REQUIRED ACTION ::
Whenever a picture appears in the records, exclude it, and transcribe everything else exactly.

MATERIAL FOR THIS EXERCISE ::
+--

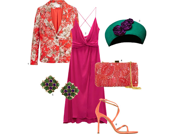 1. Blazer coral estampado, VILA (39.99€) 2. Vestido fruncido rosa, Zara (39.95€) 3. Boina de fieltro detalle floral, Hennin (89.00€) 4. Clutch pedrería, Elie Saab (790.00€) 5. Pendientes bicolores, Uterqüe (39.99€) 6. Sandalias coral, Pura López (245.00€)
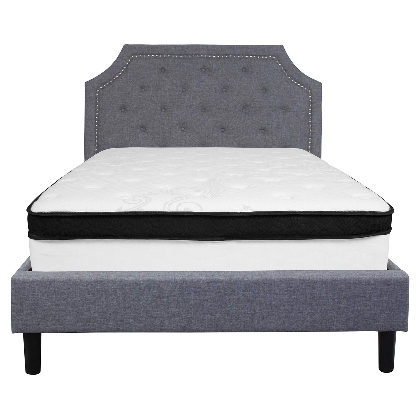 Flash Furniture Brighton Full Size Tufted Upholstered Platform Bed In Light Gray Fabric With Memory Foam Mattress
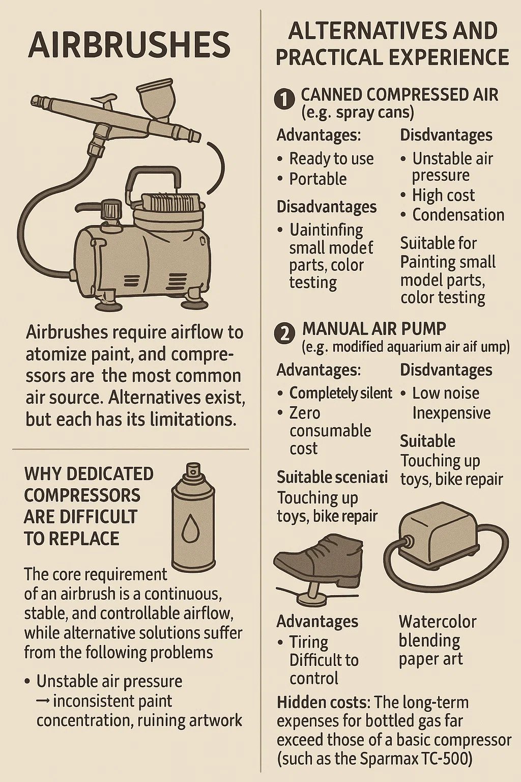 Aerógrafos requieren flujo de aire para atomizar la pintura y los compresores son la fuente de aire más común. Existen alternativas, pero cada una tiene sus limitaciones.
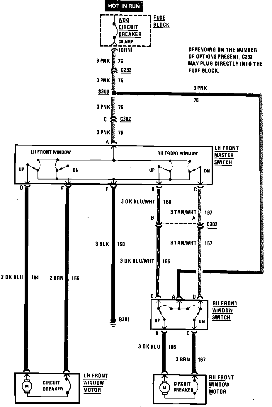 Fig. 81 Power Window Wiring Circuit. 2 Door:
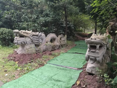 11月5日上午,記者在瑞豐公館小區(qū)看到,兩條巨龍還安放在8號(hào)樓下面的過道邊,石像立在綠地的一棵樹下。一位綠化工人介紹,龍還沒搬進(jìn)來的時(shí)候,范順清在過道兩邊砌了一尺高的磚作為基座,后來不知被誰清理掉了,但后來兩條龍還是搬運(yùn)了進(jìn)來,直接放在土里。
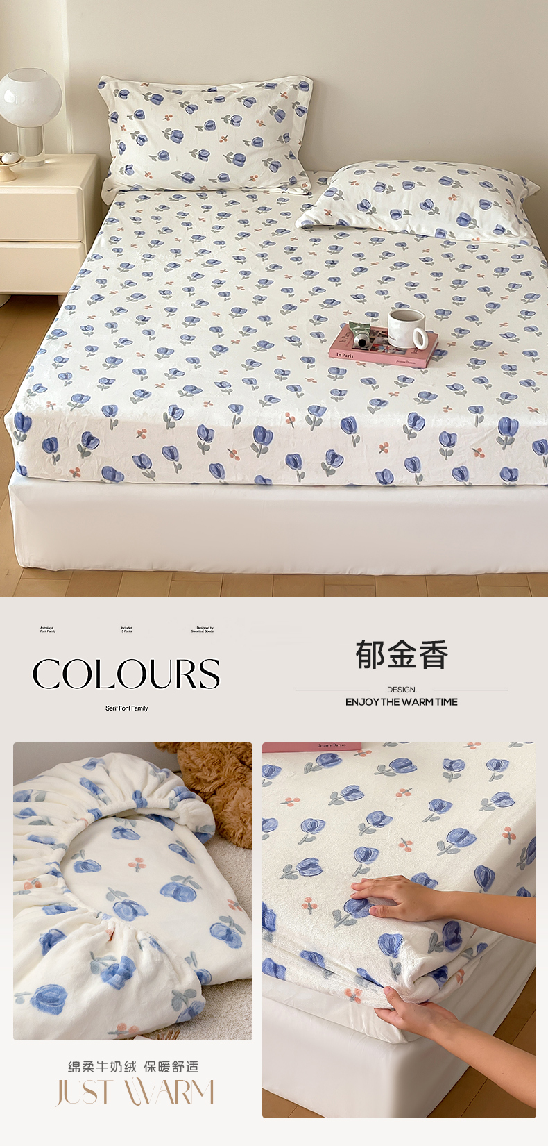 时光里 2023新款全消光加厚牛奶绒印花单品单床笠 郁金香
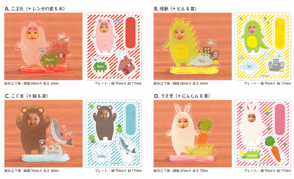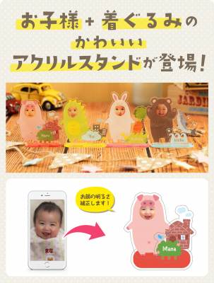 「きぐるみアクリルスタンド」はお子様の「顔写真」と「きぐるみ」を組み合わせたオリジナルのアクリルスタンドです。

+--

RESPONSE AREA ::
 1. Blazer coral estampado, VILA (39.99€) 2. Vestido fruncido rosa, Zara (39.95€) 3. Boina de fieltro detalle floral, Hennin (89.00€) 4. Clutch pedrería, Elie Saab (790.00€) 5. Pendientes bicolores, Uterqüe (39.99€) 6. Sandalias coral, Pura López (245.00€)
 Flash Furniture Brighton Full Size Tufted Upholstered Platform Bed In Light Gray Fabric With Memory Foam Mattress
 Aerógrafos requieren flujo de aire para atomizar la pintura y los compresores son la fuente de aire más común. Existen alternativas, pero cada una tiene sus limitaciones.
 Fig. 81 Power Window Wiring Circuit. 2 Door:
 11月5日上午,記者在瑞豐公館小區(qū)看到,兩條巨龍還安放在8號(hào)樓下面的過道邊,石像立在綠地的一棵樹下。一位綠化工人介紹,龍還沒搬進(jìn)來的時(shí)候,范順清在過道兩邊砌了一尺高的磚作為基座,后來不知被誰清理掉了,但后來兩條龍還是搬運(yùn)了進(jìn)來,直接放在土里。
 时光里 2023新款全消光加厚牛奶绒印花单品单床笠 郁金香
 「きぐるみアクリルスタンド」はお子様の「顔写真」と「きぐるみ」を組み合わせたオリジナルのアクリルスタンドです。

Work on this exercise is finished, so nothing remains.